The exact implications of these differences is at least partially unclear, but do suggest that Terrestrisuchus and Galahadosuchus differed slightly in the way these animal moved. The fact that Galahadosuchus plots slightly closer to bipedal forms could be interpreted as a sign of being less quadrupedally adapted or perhaps even suggest that the animal was a facultative biped, however Bodenham and colleagues point out that there's no actual anatomical evidence for this idea and that the dataset suffers from its lack of small-bodied terrestrial forms that would allow for direct comparison. Similarly, the fact that the humerus does not contribute as much to the forelimbs as in Terrestrisuchus could be interpreted as a sign of the animal being less capable of terrestrial movement based on prior studies, but again the team that described Galahadosuchus raised the caveat that the used dataset might be influenced by the inclusion of modern crocodiles with their generally sprawling rather than erect posture. Furthermore the team highlights that the humerus′ contribution to the forelimbs is even inconsistent within Terrestrisuchus, suggesting that age and growth stage could be additional factors.

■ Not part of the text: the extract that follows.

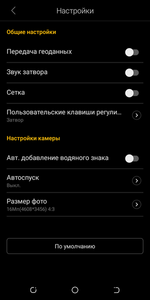 Основная камера одиночная, здесь используется матрица с разрешением 16 Мп и объектив с диафрагмой f/1,8. Есть вполне адекватный автофокус и яркая четырехсегментная вспышка. Меню настроек простое, отдельного ручного режима нет, штатной возможности сохранения снимков в RAW тоже нет.

The elongated proximal carpals of early crocodylomorphs are thought to be an adaptation to bearing the animal′s weight, forming a single functional unit. Contrasting this, the shorter, more robust radiale and ulnare of Galahadosuchus might have had the opposite effect, making the hand more flexible than those of its relatives. The shortened first metacarpal seen in both Galahadosuchus and Terrestrisuchus likely means that the matching digit was likewise shorter, something which has been interpreted as a sign that this particular finger did not bear the animal′s weight when on the ground. The fact that the same shortening appears to be present in the fifth metacarpal would then suggest that neither the first nor last digit of the hands were actually weight-bearing, only the middle three. Finally the greater metatarsal to femur ratio may mean that Galahadosuchus was a faster runner than its sister taxon.